As cloud clients input 2023 with a hybrid presence in multiple clouds, they work on prioritizing techniques to fight rising gaps in cloud security.

Most big agencies are getting access to cloud offerings in numerous public clouds, whilst preserving organization structures and personal clouds of their company’s facts centers.

One of the ways of closing these gaps in security could be adopting deep observability. We have already reviewed a few Deep Observability providers such as Gigamon. While Gigamon probably can be considered a current market leader in this relatively new and small market with under $2B annual market size, they still should watch out for the newcomers who come with shiny new products and great technologies under the hood.

CtrlStack is one of these startups and they recently got a second round of funding from Lightspeed VC, led by Kearny Jackson and Webb Investment Network.

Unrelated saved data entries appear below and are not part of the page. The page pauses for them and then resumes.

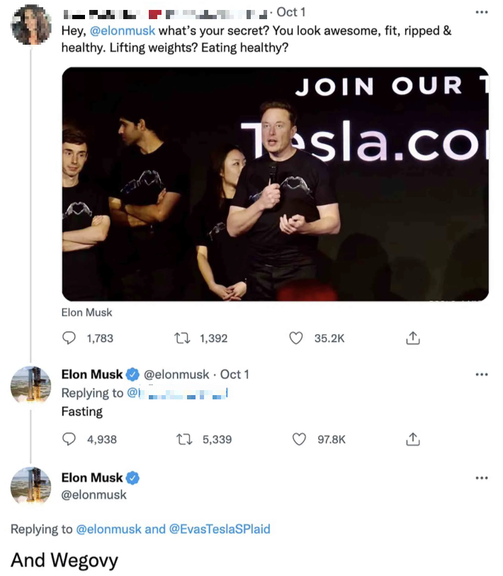 어떻게 체중 감량을 했냐는 트위터 유저의 질문에 일론 머스크가 '위고비'라고 답했다. 일론 머스크 트위터 캡처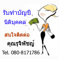 รับทำบัญชี นิติบุคคล ติดต่อ คุณรุจิพัชญ์ 080-8171786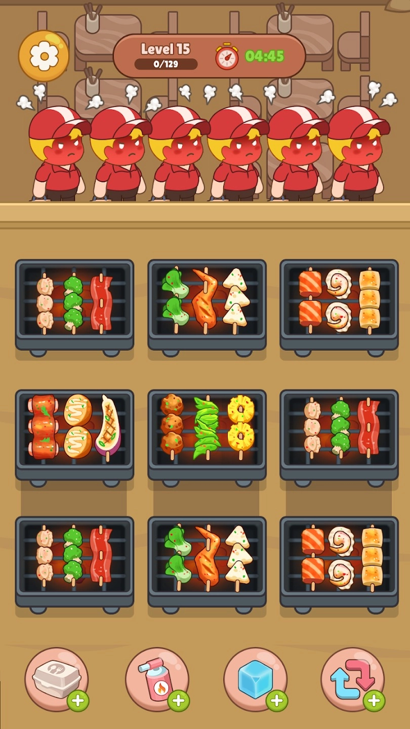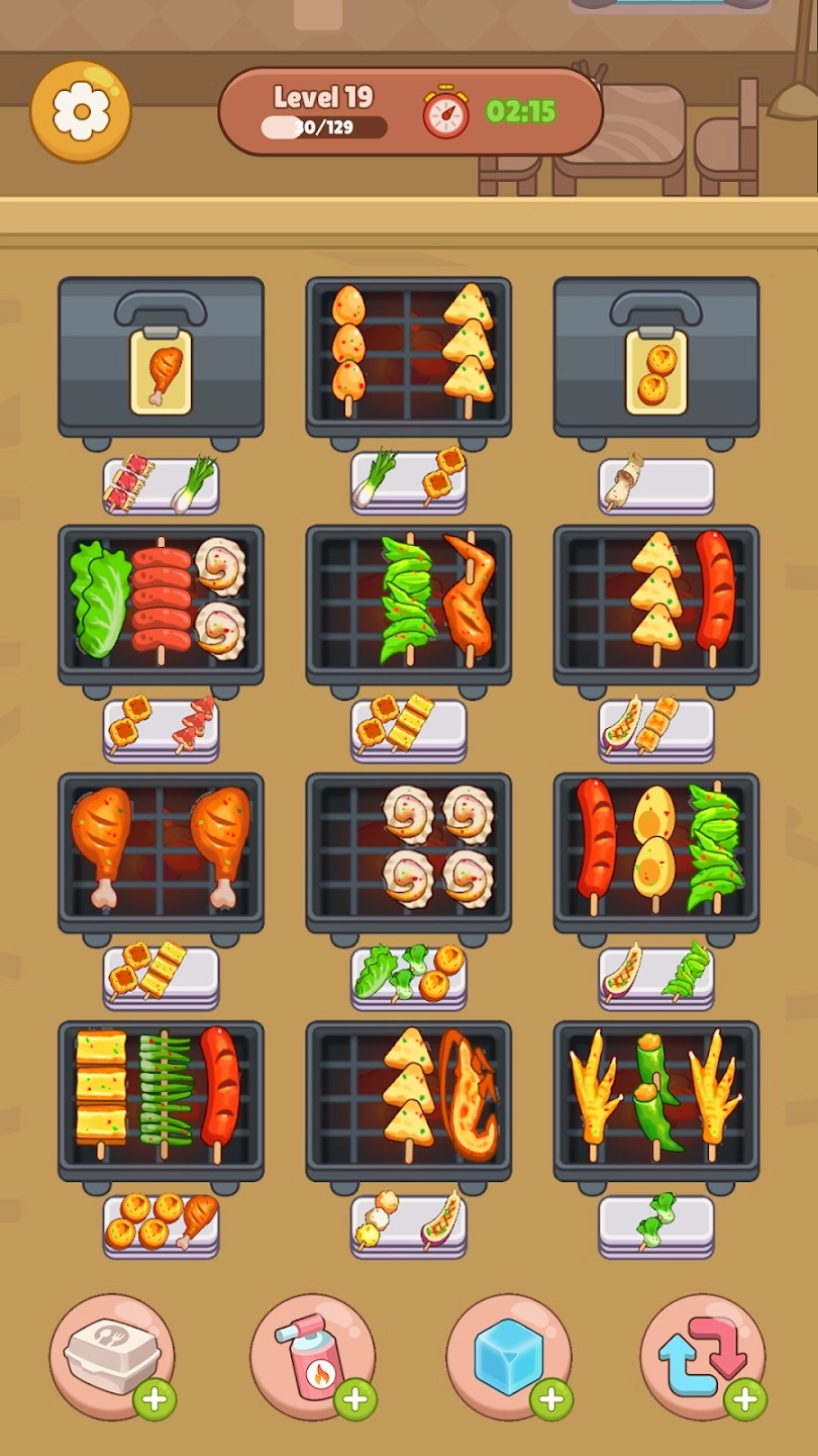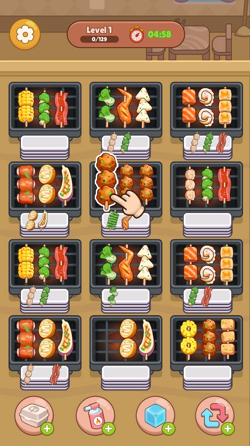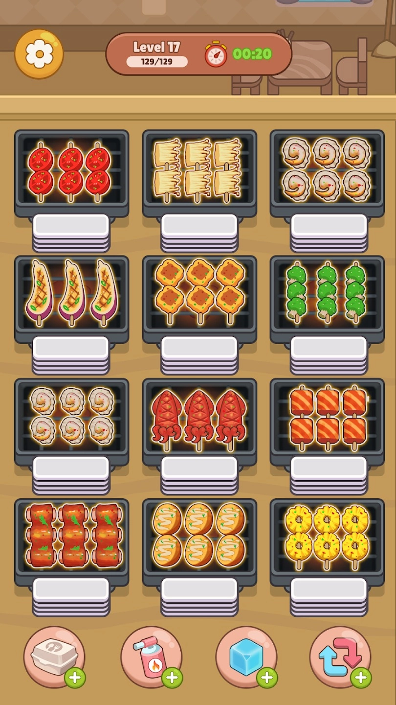 1.将经典三消玩法与烹饪元素相结合,玩家扮演烧烤大师,通过整理食材来完成关卡任务,既考验策略又充满趣味性。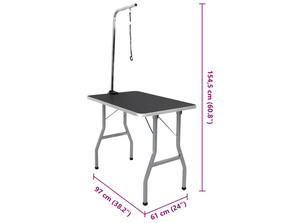 Tento stôl slúži na strihanie a úpravu domácich miláčikov. Je vhodný na použitie doma, no taktiež sa dá prenášať a použiť napríklad na psích výstavách, atď. Má protišmykový povrch, železný rám ošetrený práškovaním s nastaviteľným ramenom a slučkou.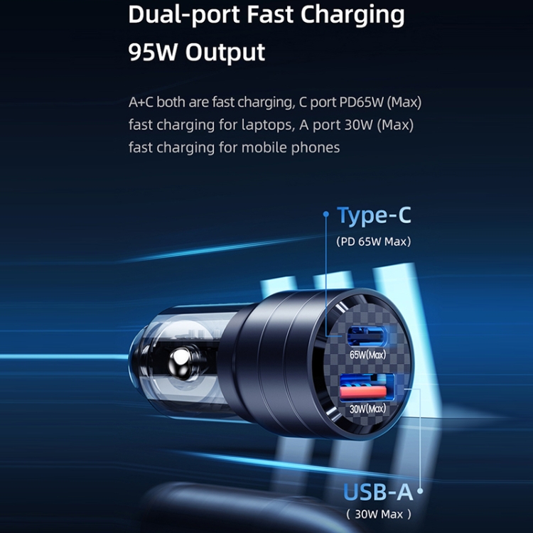 1. USB-A+USB-C dual-port simultaneous fast charging, the total power can reach 95W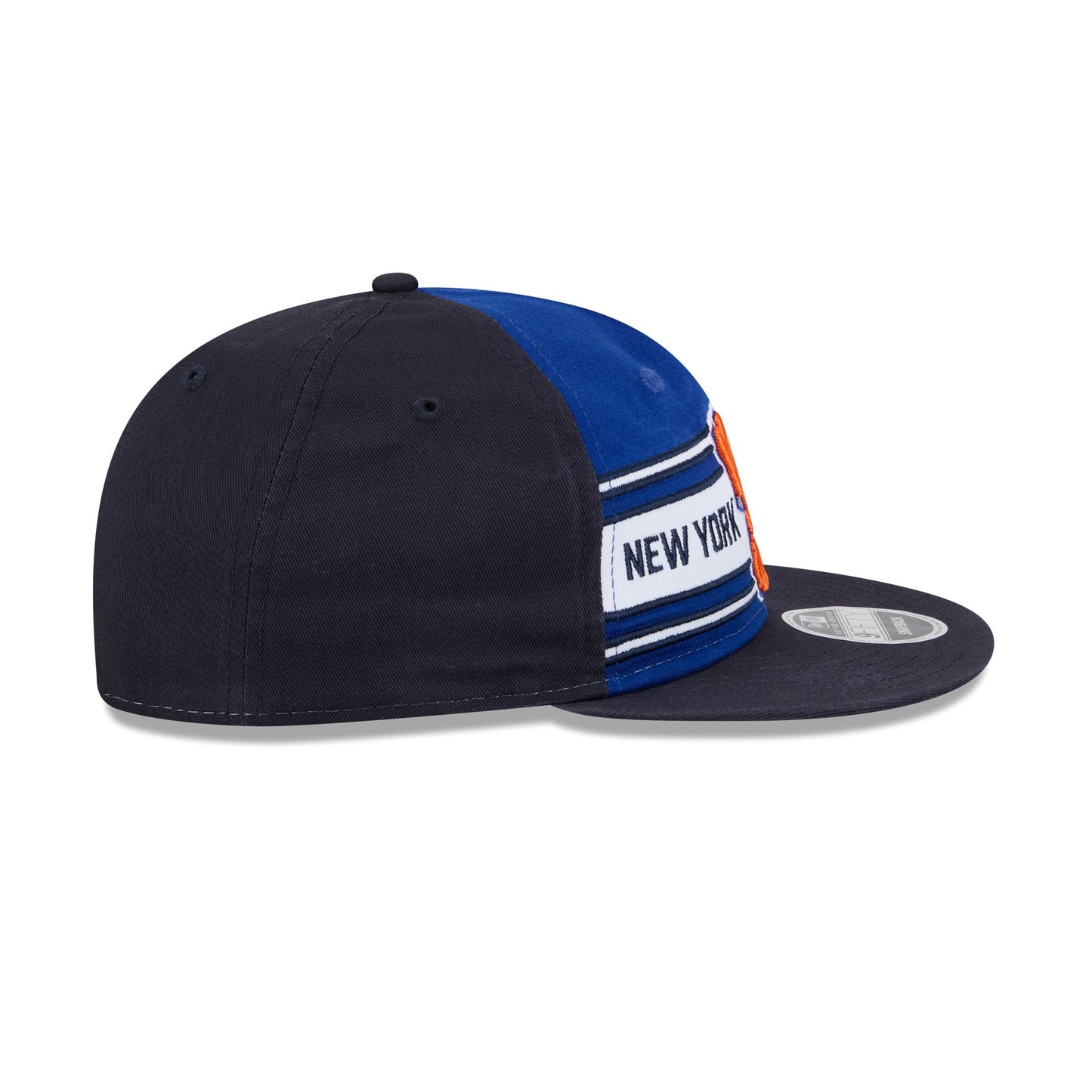 The New York Knicks Team Stripes Retro Crown 9FIFTY Snapback features an embroidered Knicks team stripe logo and wordmark at the front panels with an adjustable snapback closure at the rear.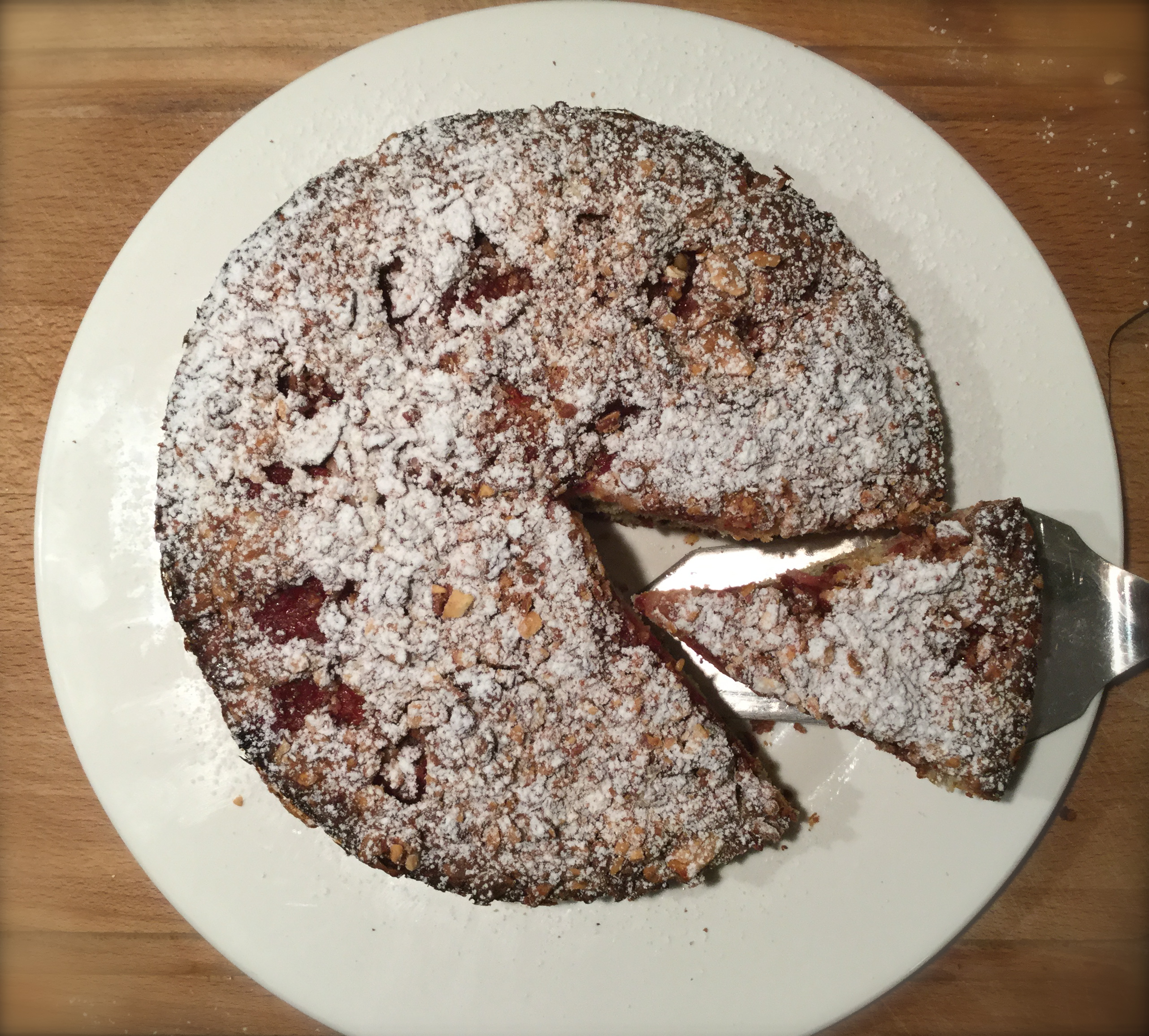 Ora ricoprite con il resto dell’impasto, aggiungete il resto delle fragole e infine il resto delle mandorle. Infornate a 180 gradi ventilato per circa 30/35 minuti.
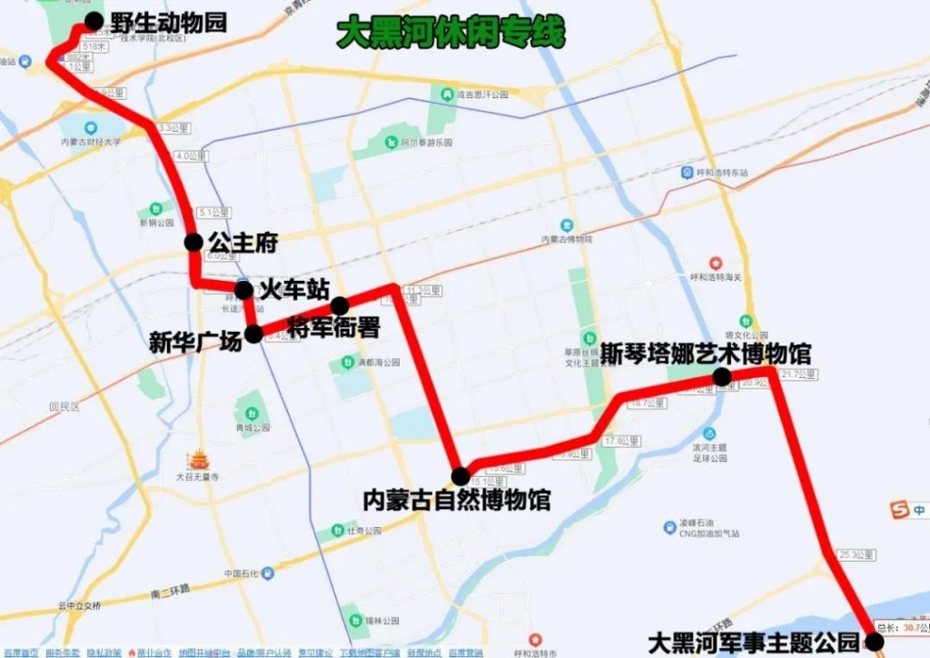 大黑河休閑專線(大青山野生動物園——大黑河軍事主題公園),途經:Y317、通道北路、車站西街、錫林北路、新華大街、興安南路、金橋路、大黑河北岸路。沿途設站:野生動物園、公主府、火車站、新華廣場、將軍衙署、內蒙古自然博物館、斯琴塔娜藝術博物館、大黑河軍事主題公園,單程:30.7公里,配車:8—10臺。
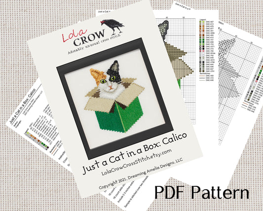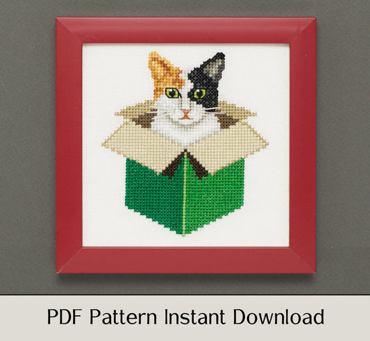 Just a Cat in a Box: Calico - Digital PDF Cross Stitch Pattern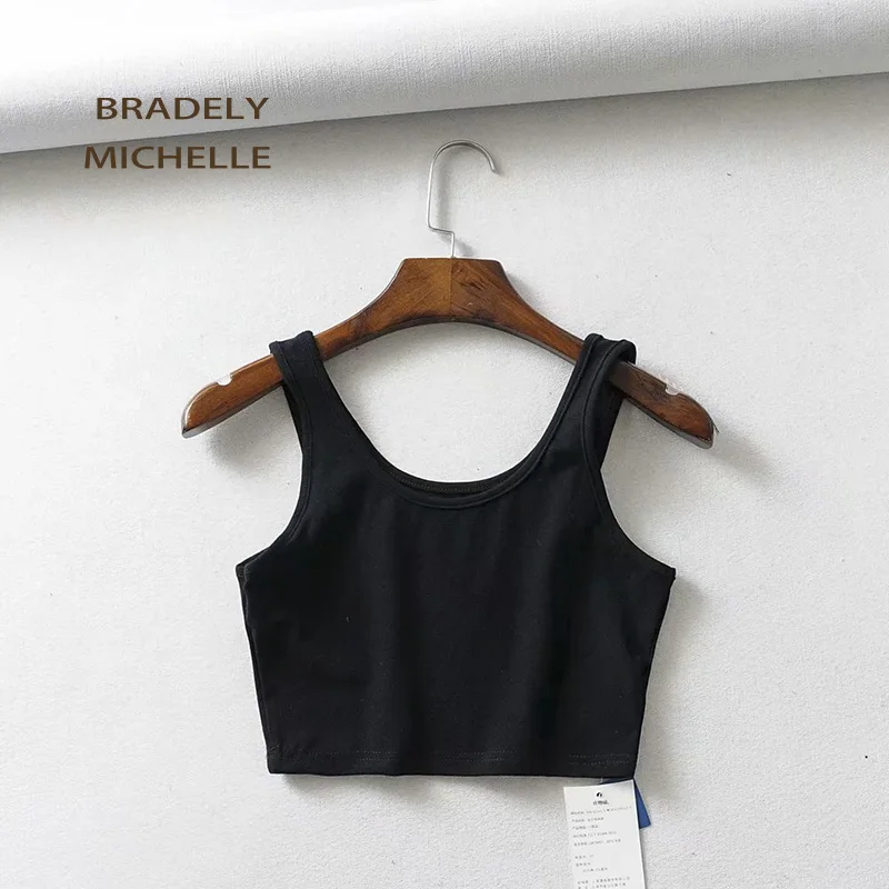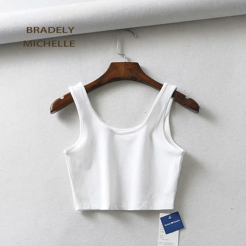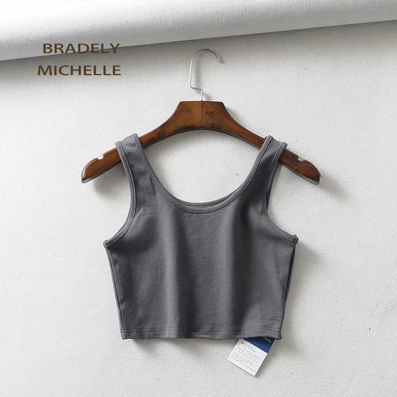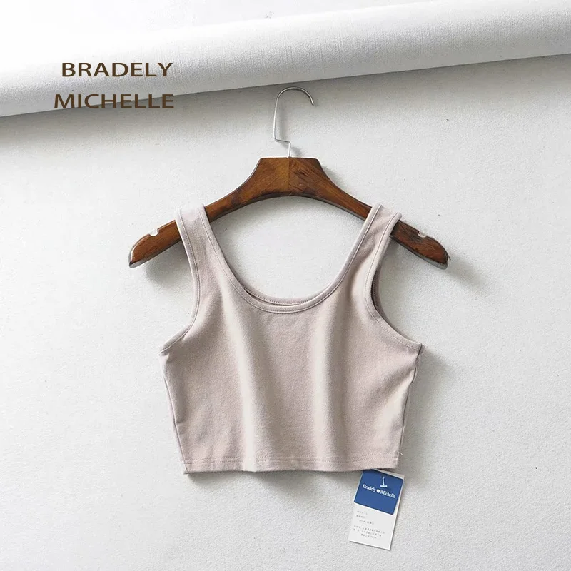 Женский короткий топ из хлопка, с U-образным вырезом, без рукавов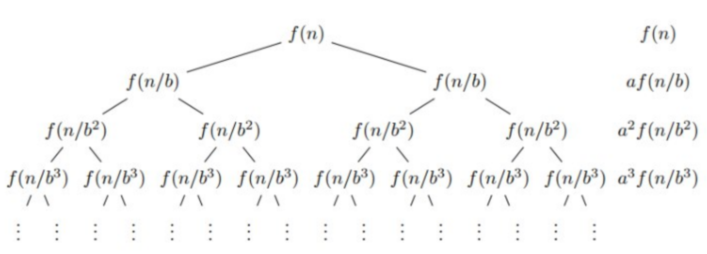 $$ T(n) = n^c \sum_{k=0}^{\log_b n} \left(\frac{a}{b^c}\right)^k = n^c \sum_{k=0}^{\log_b n} 1^k = \Theta(n^c \log_b n) $$ C. Если $c < \log_b a$, то так как сумма прогрессии асимптотически эквивалентна своему старшему элементу, $$ T(n) = n^c \sum_{k=0}^{\log_b n} \left(\frac{a}{b^c}\right)^k = \Theta\left(n^c \left(\frac{a}{b^c}\right)^{\log_b n}\right) = \Theta\left(n^c \cdot \frac{a^{\log_b n}}{n^c}\right) = \Theta(a^{\log_b n}) = \Theta(n^{\log_b a}) $$ Примечание. Для более точных оценок асимптотики «мерджа» теорема ничего не говорит. Например, если мердж занимает $\Theta(n \log n)$ и задача разбивается каждый раз на две части, то асимптотика будет равна: $$ \sum_{k=0}^{\log n} n \log \frac{n}{2^k} = \sum_{k=0}^{\log n} n (\log n - k) = n \sum_{k=0}^{\log n} k = \Theta (n \log^2 n) $$ В то же время эта рекуррента под условия теоремы не попадает. Можно лишь получить неточные границы $\Omega (n \log n)$ и $O(n^{1+\varepsilon})$, если подставить $c = 1$ и $c = 1 + \varepsilon$ соответственно. Заметим, что $n \log n$ и $n \log^2 n$ асимптотически меньше $n^{1+\varepsilon}$, каким бы маленьким $\varepsilon$ ни был.

The delivery of features and applications by today’s digital-first companies and developers is accelerating. Teams from information technology operations and software development must collaborate closely to do this, forming a practice known as DevOps. When events occur, they may involve any number of digital environment systems, including operations, infrastructure, code, or any combination of modifications made to any of them.

The CtrlStack platform connects cause and effect to make troubleshooting easier and incident root cause analysis faster by tracking relationships between components in a customer’s systems. Developers and engineers can solve problems quickly by giving DevOps teams the tools they need.

By forming an understanding graph of all of the infrastructure, interconnected offerings, and impact, CtrlStack can supply the full picture while capturing the devices’ modifications and relationships throughout the whole device stack. Using CtrlStack product DevOps groups can view dependencies, measure the impact of modifications and examine occasions in actual time.

Key capabilities of the platform encompass an occasion timeline that permits groups to browse and clear out out extrade occasions, without having to sift via log documents or survey users, and a visual representation that offers insights into operational data. Both of those capabilities additionally force dashboards for builders and DevOps groups.

Developers can also access their dashboards that give visibility for any modifications to code commits, configuration documents, or function flags, – all in one click. DevOps groups get a dashboard for root reason evaluation that permits them to seize all of the context for the time being they came about with a searchable timeline of dependencies displaying the whole impacted topology and impacted metrics.